Items from a data source
----------------------------------------

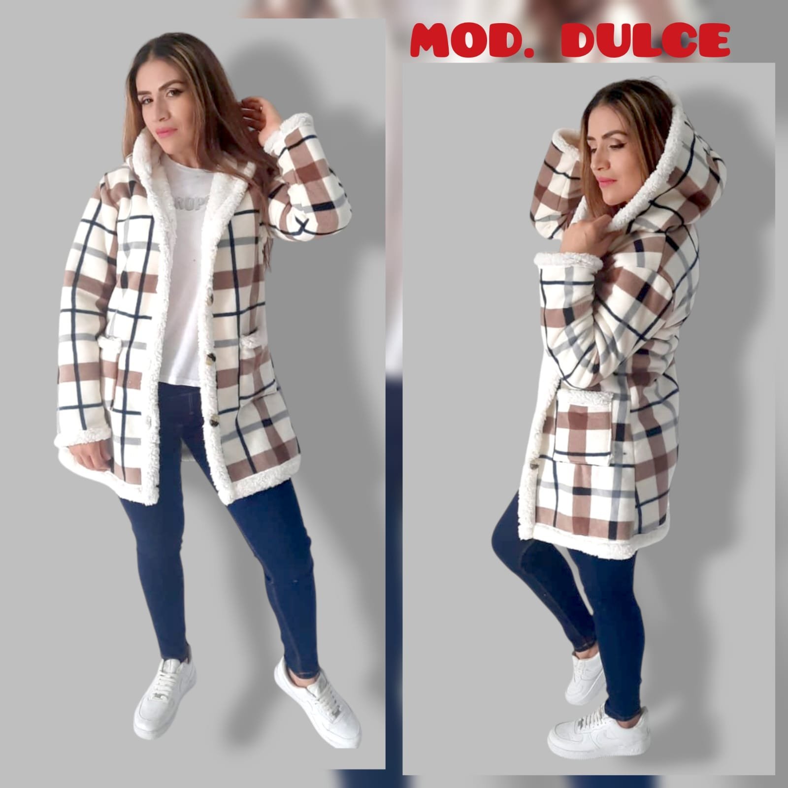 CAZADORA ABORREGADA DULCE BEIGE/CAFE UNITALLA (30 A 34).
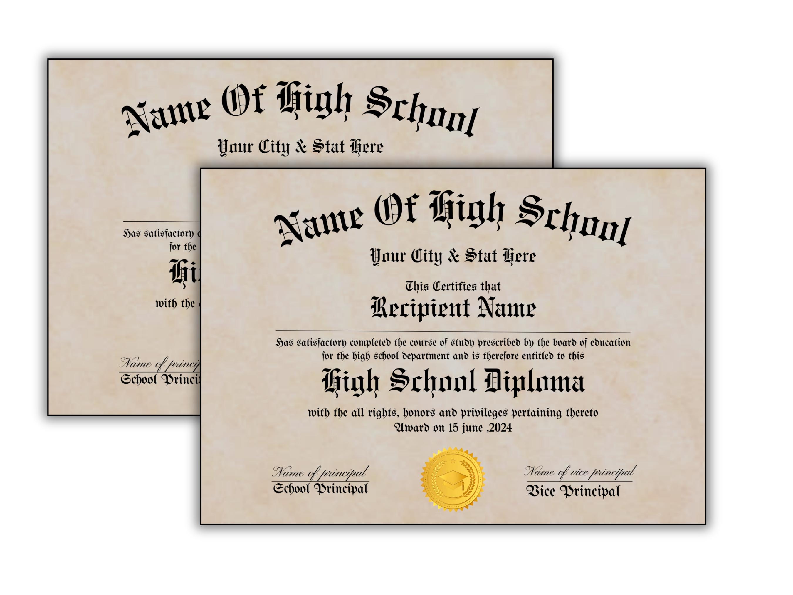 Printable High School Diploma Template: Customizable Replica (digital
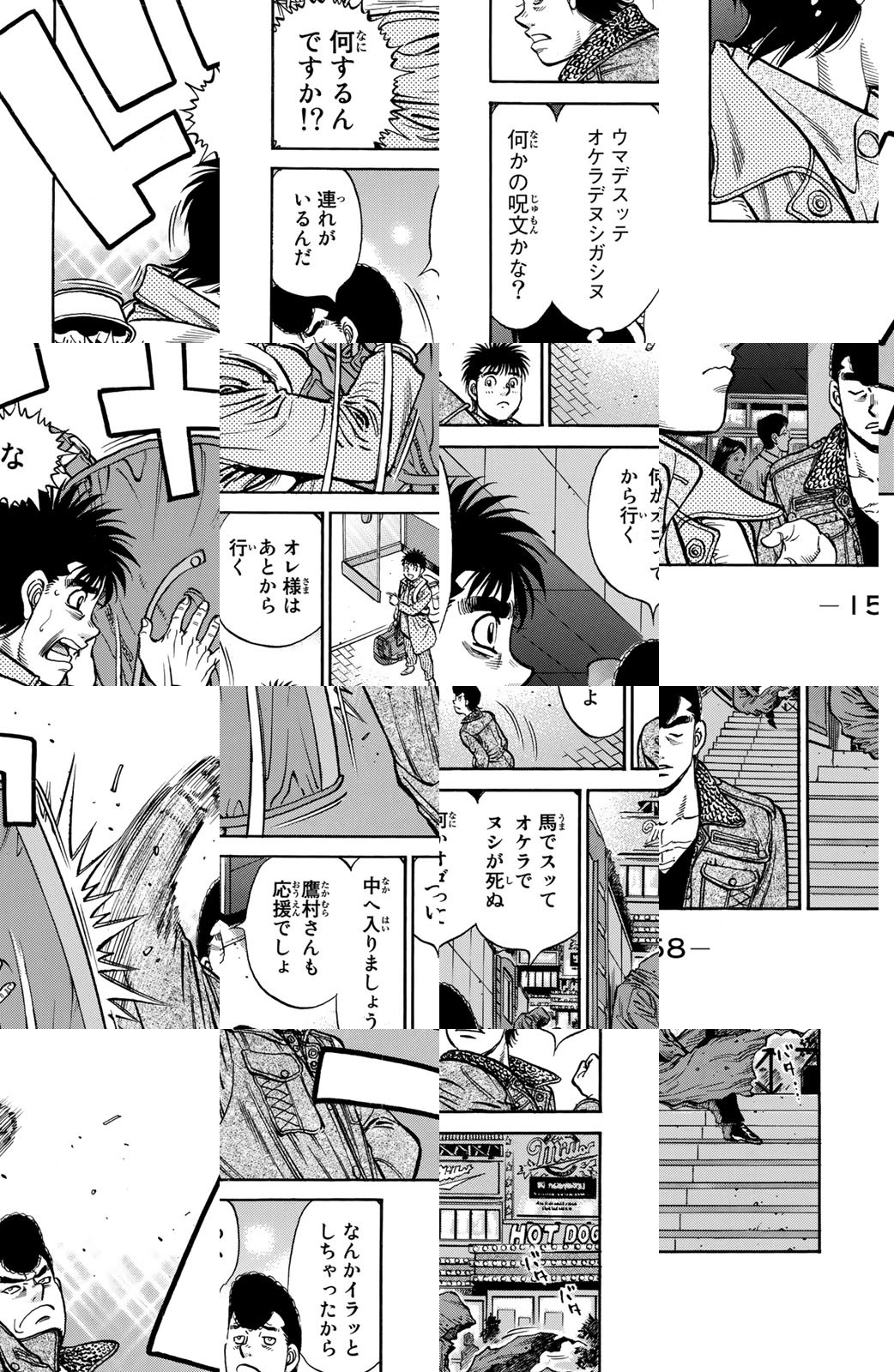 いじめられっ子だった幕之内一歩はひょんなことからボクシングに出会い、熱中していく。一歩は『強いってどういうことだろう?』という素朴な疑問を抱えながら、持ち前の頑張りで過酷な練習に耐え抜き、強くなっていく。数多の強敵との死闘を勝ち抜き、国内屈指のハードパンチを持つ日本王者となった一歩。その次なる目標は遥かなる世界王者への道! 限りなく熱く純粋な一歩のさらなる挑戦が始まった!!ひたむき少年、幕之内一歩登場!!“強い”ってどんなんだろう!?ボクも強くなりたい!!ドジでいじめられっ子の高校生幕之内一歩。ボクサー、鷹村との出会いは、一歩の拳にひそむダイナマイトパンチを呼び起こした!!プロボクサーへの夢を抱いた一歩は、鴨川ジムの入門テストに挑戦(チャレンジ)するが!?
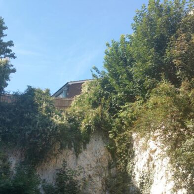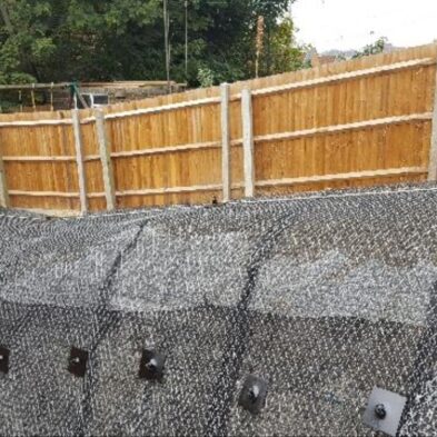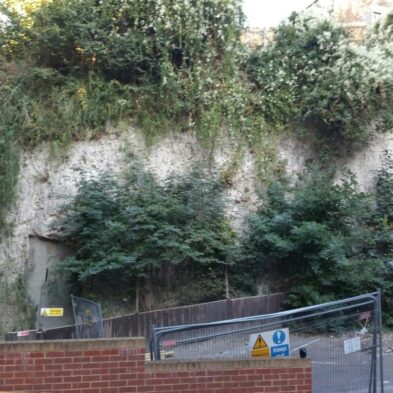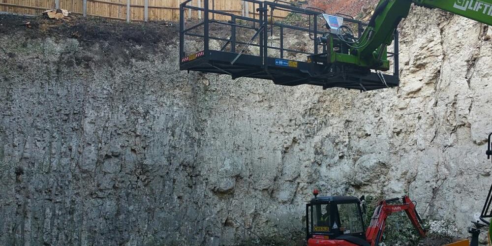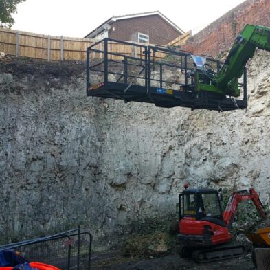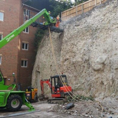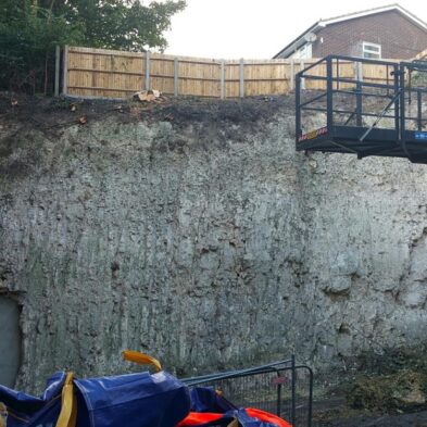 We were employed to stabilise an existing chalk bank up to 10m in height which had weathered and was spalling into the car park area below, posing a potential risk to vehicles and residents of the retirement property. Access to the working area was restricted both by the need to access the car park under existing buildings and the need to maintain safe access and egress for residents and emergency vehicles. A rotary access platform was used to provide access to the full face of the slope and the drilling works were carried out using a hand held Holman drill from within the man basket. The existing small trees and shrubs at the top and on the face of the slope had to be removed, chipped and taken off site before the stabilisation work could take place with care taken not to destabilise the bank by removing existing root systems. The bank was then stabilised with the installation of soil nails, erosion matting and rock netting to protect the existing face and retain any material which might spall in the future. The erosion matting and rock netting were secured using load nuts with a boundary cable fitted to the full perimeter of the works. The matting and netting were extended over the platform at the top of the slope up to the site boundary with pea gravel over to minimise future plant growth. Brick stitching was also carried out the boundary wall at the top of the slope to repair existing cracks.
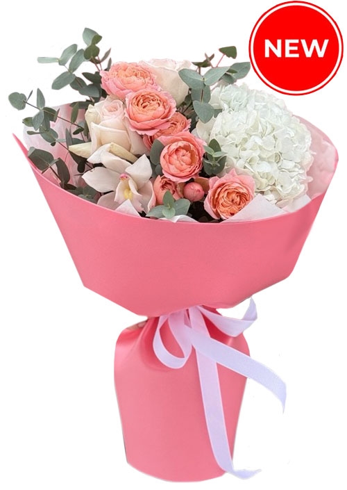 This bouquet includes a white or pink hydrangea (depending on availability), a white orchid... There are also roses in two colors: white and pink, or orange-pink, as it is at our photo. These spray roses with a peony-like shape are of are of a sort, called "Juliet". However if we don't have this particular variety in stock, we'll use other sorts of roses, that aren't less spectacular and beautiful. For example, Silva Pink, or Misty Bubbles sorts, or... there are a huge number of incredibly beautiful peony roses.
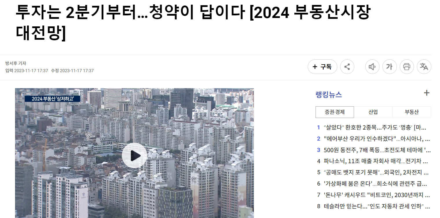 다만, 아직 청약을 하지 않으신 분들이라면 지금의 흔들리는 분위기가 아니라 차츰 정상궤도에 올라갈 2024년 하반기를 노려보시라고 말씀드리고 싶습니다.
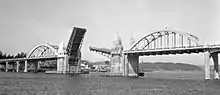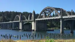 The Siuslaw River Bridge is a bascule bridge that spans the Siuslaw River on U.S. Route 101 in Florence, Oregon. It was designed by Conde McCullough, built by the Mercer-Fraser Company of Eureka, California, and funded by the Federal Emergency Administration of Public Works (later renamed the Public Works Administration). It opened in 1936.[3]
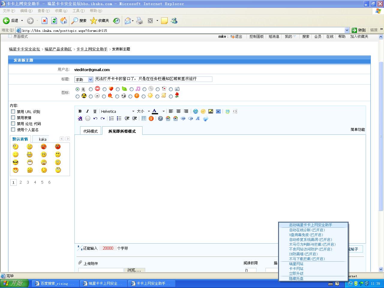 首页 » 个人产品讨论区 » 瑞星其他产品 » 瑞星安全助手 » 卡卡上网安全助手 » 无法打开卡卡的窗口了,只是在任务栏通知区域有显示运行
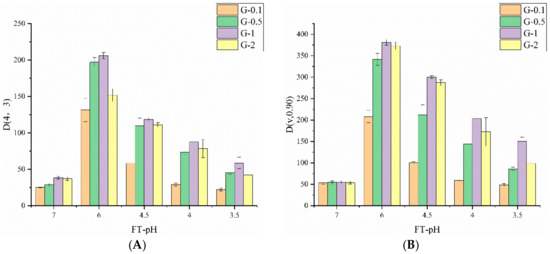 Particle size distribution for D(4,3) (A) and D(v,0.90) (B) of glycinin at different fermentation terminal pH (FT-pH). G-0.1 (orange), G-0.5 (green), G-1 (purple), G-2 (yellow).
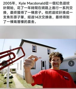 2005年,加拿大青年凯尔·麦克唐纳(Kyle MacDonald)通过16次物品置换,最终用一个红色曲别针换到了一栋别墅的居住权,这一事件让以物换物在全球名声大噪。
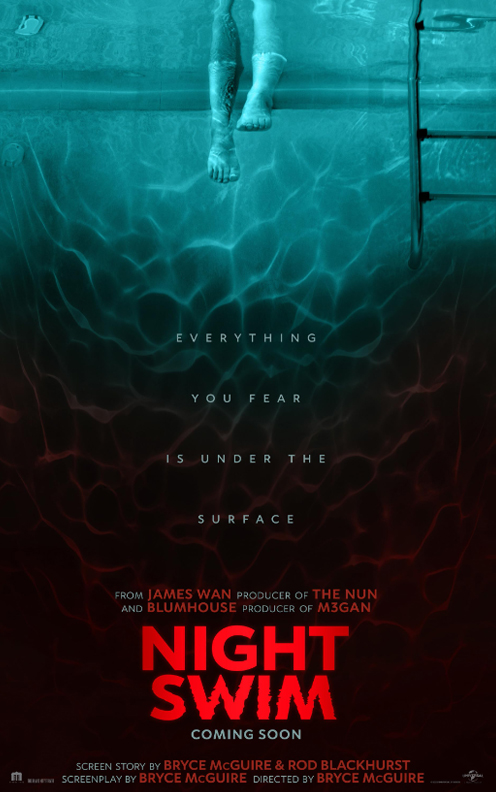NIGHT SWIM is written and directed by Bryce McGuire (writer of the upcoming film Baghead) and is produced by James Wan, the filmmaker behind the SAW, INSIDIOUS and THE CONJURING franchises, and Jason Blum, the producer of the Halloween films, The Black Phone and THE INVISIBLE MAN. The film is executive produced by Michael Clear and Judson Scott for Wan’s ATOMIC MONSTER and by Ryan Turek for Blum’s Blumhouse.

----------------------------------------

(Activity) The answer should consist only of the lines above from the one with "Particle size distribution" through the one with "2005年,加拿大青年凯尔·", repeated exactly, with no pictures among them.

(Response to this exercise)
 Particle size distribution for D(4,3) (A) and D(v,0.90) (B) of glycinin at different fermentation terminal pH (FT-pH). G-0.1 (orange), G-0.5 (green), G-1 (purple), G-2 (yellow).
 2005年,加拿大青年凯尔·麦克唐纳(Kyle MacDonald)通过16次物品置换,最终用一个红色曲别针换到了一栋别墅的居住权,这一事件让以物换物在全球名声大噪。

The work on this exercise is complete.